13.6. When institutions become dysfunctional

The discussion in this chapter has pointed to the critical role of institutions that
impose constraints on political elites, limiting their ability to prey on common citizens.
A problem arise, however, in that the ability of a society to design good institutions is
significantly weakened when the level of corruption is already high. This fact brings a
new source of vicious cycle: wherever corruption is high because the quality of
institutions is low, the quality of institutions tends to remain low because the level of
corruption is high.

Why corruption brings more corruption?

There are many reasons to believe that the social pressure against corruption
declines with the level of corruption.
First, when corruption is generalized, matching rent seekers and corrupt
bureaucrats is less than a problem. The searching costs for new corruption opportunities
are low, increasing the relative reward of rent seeking time.
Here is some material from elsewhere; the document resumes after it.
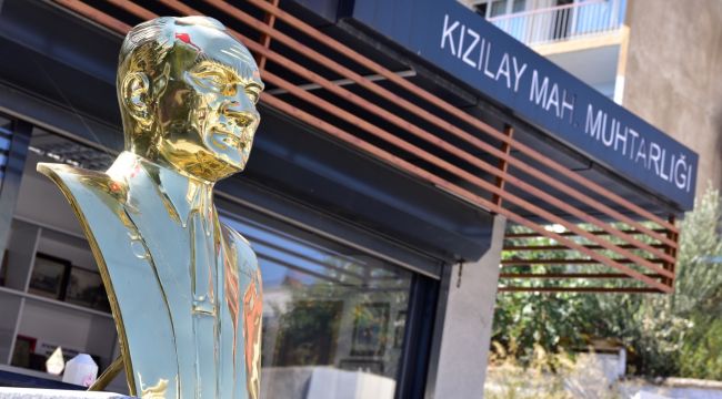Mahalle muhtarlarının vatandaşa daha iyi hizmet verebilmeleri için ilçedeki muhtarlıkları yenileyen bornova Belediyesi, modern ofisleri aratmayan muhtarlık binalarının önüne atatürk büstü koydu. Yine Büyük Önder’e ait; “Ne mutlu Türküm diye” yazılı 1.5 metrelik granit kaidenin üzerine oturtulan Pirinç kaplama Atatürk büstü, yeni muhtarlık ofisleriyle uyumlu biçimde, estetik şekilde yerini aldı.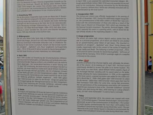 In Schwäbisch-Gmünd hat man jetzt das ehemalige Denkmal für die gefallenen Soldaten des 1. WK auf dem unteren Marktplatz aufgestellt und einen Fragekatalog daneben aufgestellt, ob man dieses Denkmal nicht auch für die Soldaten des II. WK betrachten kann. Ich denke mir, daß ist sehr wohl möglich. Die Soldaten des Kriegs von 1914 bis 1918 sind zwar mit "HURRA" Geschrei in den Krieg gegangen, für diese Begeisterung waren die Kaiser und die Militärs und die damalige Zeit verantwortlich, Ich sage aber, die jungen Soldaten waren genau wie die Soldaten des II. WK. von Verbrechern in einen Krieg geschickt worden, um den persönlichen Hass der damaligen Herrscher auf andere Völker zu befreidigen und ihre Großmannssucht der Welt zu zeigen. Ich persönlich denke voll Grauen an solche Zeiten zurück, wie gut,daß wir in Europa so etwas nicht mehr erleben werden.

Thus, individuals will have
little incentive to go honest.
Second, when the number of corrupt civil servants is very large, the probability
of any one of them being caught and prosecuted is low: detection does not entail the
same social stigma as in a corruption-free society (it is hard to punish someone severely
when everyone else is doing the same), auditors may be themselves corrupt and senior
officials have the incentive to make sure that corrupt officials are not punished348.
Third, when corruption is widespread, policies envisaging the strengthening of
institutions are more likely to be blocked, because those that have the power to create
rules may be more interested in making sure that corruption keeps paying of.
Finally, corruption undermines people's trust in the political institutions,
resulting in a weak civil society, and clearing the way for corruption to flourish.
In terms of the model above, these considerations suggest that some parameters
in equations (13.18)-(13.20), rather than exogenous, should depend on the level of
corruption. In particular, the parameters measuring the likelihood of detection (p) and
the legal punishments (f, g), instead of constant, could be modelled as decreasing
functions of the economy-wide incidence of corruption.

348
Mauro (2004) makes the point: “Consider, for example, the case of a civil servant in an administration
where everybody including his superiors, is very corrupt. It would be difficult for this civil servant to
decline offers of bribes in exchange for favours, because his superiors may expect a portion of the bribe
for themselves. By contrast, in bureaucracies that are generally honest, a real threat of punishment deters
individual civil servants from behaving dishonestly”.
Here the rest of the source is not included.